American baseball player (born 1964)

Thomas Michael Lampkin (born March 4, 1964) is an American former catcher in Major League Baseball who played in , –, and –.

==Career==
Lampkin was born in Cincinnati, Ohio to Mike and Shirley Lampkin and grew up in Clyde Hill, Washington. He was one of five children. Beginning at 15 years old in 1977, he worked as a clubhouse assistant for the Seattle Mariners at the Kingdome, even working the 1979 Major League Baseball All-Star Game and babysitting Dave Heaverlo's children. He attended high school at Bishop Blanchet High School and, after being undrafted out of high school, played college baseball at Edmonds Community College in Lynnwood, Washington and the University of Portland. He was selected in the eleventh round of the 1986 Major League Baseball draft by the Cleveland Indians.

Lampkin was assigned to the Batavia Trojans of the New York–Penn League to begin his professional career.
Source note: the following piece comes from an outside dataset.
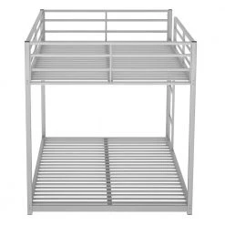 Silver Twin Over Twin Metal Bunk Bed with shelf and Slatted Support No Box Spring Needed by ZIRUWU

He made his Major League debut with the Indians on September 10, 1988 as a defensive replacement for Terry Francona (who had pinch hit for catcher Ron Tingley). He appeared in only four games for the Indians that season and none the following season, before being traded to the San Diego Padres for Alex Cole on July 11, 1990. Lampkin spent parts of three seasons with the Padres before moving to the Milwaukee Brewers. In his one season in Milwaukee in 1993, he received more Major League plate appearances than in his prior four Major League seasons combined. However, he was granted free agency following the season and, despite being signed by the San Francisco Giants in January 1994, did not appear in another Major League game until 1995. With the Giants in 1996, Lampkin for the first time in his career led his team in games played at catcher. He also led the National League by throwing out 51.5% of all would-be base stealers. Following the season, he was traded to the St. Louis Cardinals where, in two seasons, he saw the most playing time of his career as a backup to Mike DiFelice and Eli Marrero respectively.
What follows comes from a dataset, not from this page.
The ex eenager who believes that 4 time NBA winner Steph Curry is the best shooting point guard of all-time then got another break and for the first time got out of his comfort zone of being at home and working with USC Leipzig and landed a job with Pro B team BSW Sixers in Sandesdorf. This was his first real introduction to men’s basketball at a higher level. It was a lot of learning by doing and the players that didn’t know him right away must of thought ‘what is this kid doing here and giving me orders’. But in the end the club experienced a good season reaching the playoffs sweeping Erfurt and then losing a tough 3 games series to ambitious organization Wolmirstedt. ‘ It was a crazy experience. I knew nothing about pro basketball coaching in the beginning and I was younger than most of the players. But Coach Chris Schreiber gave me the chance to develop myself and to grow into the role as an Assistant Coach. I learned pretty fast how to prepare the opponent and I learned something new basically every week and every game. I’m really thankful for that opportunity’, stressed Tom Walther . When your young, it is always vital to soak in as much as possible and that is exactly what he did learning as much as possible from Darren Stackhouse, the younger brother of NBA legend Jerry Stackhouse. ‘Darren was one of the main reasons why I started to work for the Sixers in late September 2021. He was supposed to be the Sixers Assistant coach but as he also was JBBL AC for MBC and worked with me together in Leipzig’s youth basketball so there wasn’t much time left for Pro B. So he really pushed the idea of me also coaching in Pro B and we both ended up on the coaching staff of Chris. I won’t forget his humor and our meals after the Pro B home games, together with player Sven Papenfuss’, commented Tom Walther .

Prior to the 1999 season, the Mariners signed Lampkin to a two-year contract for $1.55 million to back up Dan Wilson. In Seattle, Lampkin worked with baserunning coach Vince Coleman not on his own baserunning but to learn to "anticipate what the good base-stealers do." Although injuries limited his playing time in 2000, he played well enough in his first two seasons to earn a $1.2 million contract for the 2001 season. The 2001 Seattle Mariners tied a Major League record for the winningest season in history and Lampkin saw his first postseason action, getting a hit in the 2001 American League Championship Series.

On December 11, 2001, the Mariners traded Lampkin to San Diego with Brett Tomko and Ramón Vázquez for Alex Arias, Ben Davis and Wascar Serrano. Lampkin was disappointed by the trade and expressed at the time that he had hoped to finish his career in Seattle. Lampkin was the starting catcher for the Padres during the 2002 season but retired that offseason.

==Personal life==
As of 2002, Lampkin and his wife, Lori Kath, had three children, Jennifer, Stephanie and Thomas Michael. As of 2018, he lived in Vancouver, Washington. He was the head baseball coach at Union High School in Camas, Washington.